N(−2) identity controls the contribution of distal leader sequences that contact C5 protein to specificity
The substrate subpopulation containing the genomically encoded A(−2)U(−1) has a broad affinity distribution arising due to variation in the C5 protein binding site at N(−6 to −3) (Fig. 4B). For substrates with U(−2)U(−1), the apparent sequence specificity in the C5 protein binding site at N(−6 to −3) is essentially unchanged (see Supplemental Fig. S3). In contrast, substrates with C(−2)U(−1) have a narrow distribution of processing rate constants, and thus sequence variation at positions N(−6 to −3) has a small effect on kcat/Km (Fig. 4C). Plotting the observed krel for each possible N(−6 to −3) sequence variant in the background of C(−2)U(−1) versus A(−2)U(−1) (Fig. 3C) reveals a slope of 0.4, demonstrating that substrates with a C(−2) are essentially insensitive to variation in the C5 protein binding site.
These observations are further validated by the results from single substrate assays of individual 5′ leader sequence variants. Mutation of N(−6 to −3) in the C5 protein binding site from AUAU to CACG reduces kcat/Km for RNase P processing by approximately twofold when N(−2) in the RNA binding site is an adenosine. However, there are no measurable differences in rate constant for the same change in the N(−6 to −3) sequence when N(−2) is cytosine (Fig. 4D).
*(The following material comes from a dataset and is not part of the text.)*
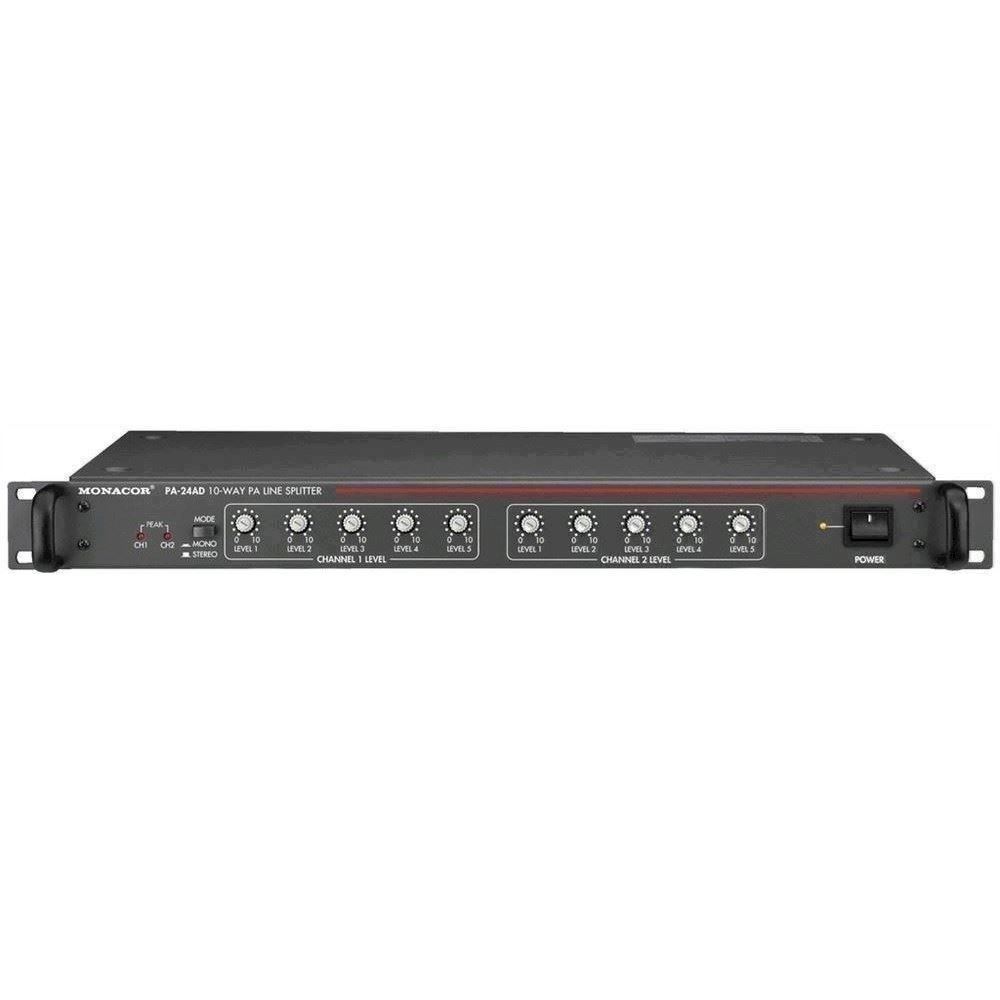 Her er du: Disconetto » LYD » Installationslyd » Signalprocessorer » Signal tilpasning Line-splitter - PA-24AD - MONACOR På lager På lager, 2-4 dage Bedømmelse for Line-splitter - PA-24AD - MONACORProduktet er endnu ikke bedømt 2.399,00DKK ved 1 stk. Vis uden moms Trustpilot 10-way PA line splitter2 separate inputsStereo operation or mono operationBalanced XLR connection for each input and outputGain control for each outputPeak indication for each inputMains operation and 24 V emergency power operation TypesplitterFrequency range20-20,000 HzControl range-Control frequencies-Input signal0.775 VInput sensitivity-Input impedance15 kΩOutput signal0.775 VOutput impedance600 ΩGain-Compression-Gate ratio-Crossover frequency-High-pass filter-Low cut-Transmission ratio-S/N ratio> 68 dBChannel separation-THD< 0.05%Admiss. ambient temp.0-40 °CPower supply∼ 230 V/50 Hz/10 VADC current 24 V/0.2 ADimensions482 x 45 x 235 mm, 1 RSWeight2.9 kgInputs2 x XLROutputs10 x XLROther features- Varenr.: 171890 Vi anbefaler Nødstrømforsyning - PA-24ESP - MONACOR DKK 4.309,00

These results provide further evidence that the identity of proximal 5′ leader nucleotides that contact P RNA can influence the degree to which nucleotides distal from the cleavage site contribute to specificity.
Conclusion
Previous biochemical and structural studies of RNase P substrate recognition provide a general model for specificity in which the C5 protein contacts 5′ leader nucleotides (Harris et al. 1994; Christian et al. 2002; Reiter et al. 2010; Sun et al. 2010), while the P RNA subunit contacts both the tRNA body and 5′ leader nucleotides proximal to the cleavage site (Hardt et al. 1993; Harris et al. 1994, 1997; Brännvall et al. 2003; Wegscheid and Hartmann 2006). Studies from our laboratory and others identified a direct base-pairing between the U(−1) of pre-tRNAAsp and the A248 residue in J5/15 of the P RNA subunit (Brännvall et al. 2002; Zahler et al. 2003, 2005). Additionally, the nucleotide sequence in the 5′ leader of pre-tRNA was shown to be important for substrate binding by RNase P, particularly for the P RNA subunit (Sun et al. 2006, 2010). Fierke and colleagues identified a specific interaction between tyrosine at position 34 in the C5 protein of Bacillus subtilis and the N(−4) position in the 5′ leader of pre-tRNAAsp that regulates binding affinity (Koutmou et al. 2010). Alanine scanning mutagenesis of the RNase P protein from T. maritima further suggested the importance of N(−4) on holoenzyme catalytic efficiency and provided key biochemical validation of the role of the 5′ leader region as modeled in the T. maritima RNase P holoenzyme-tRNA structure (Reiter et al. 2012). Previous extensive in vitro and in vivo biochemical studies by the Hartmann and Kirsebom laboratories established the essential role of contacts between the P15 region of the P RNA and 3′RCCA of the tRNA body in catalysis and cleavage site recognition. Specifically, pairing between the N(−1) of the 5′ leader and 3′RCCA was shown to be a negative determinant for RNase P processing in vivo (Pettersson and Kirsebom 2008). Recent HTS-Kin analysis on pre-tRNAMetN(−6 to −1) processed by the RNase P holoenzyme (Niland et al. 2016b) showed that the identity of N(−2) and N(−3) primarily controls alternative substrate selection at the level of association, not the cleavage step. As a consequence, the specificity for N(−1), which contacts the active site and contributes to catalysis, is suppressed.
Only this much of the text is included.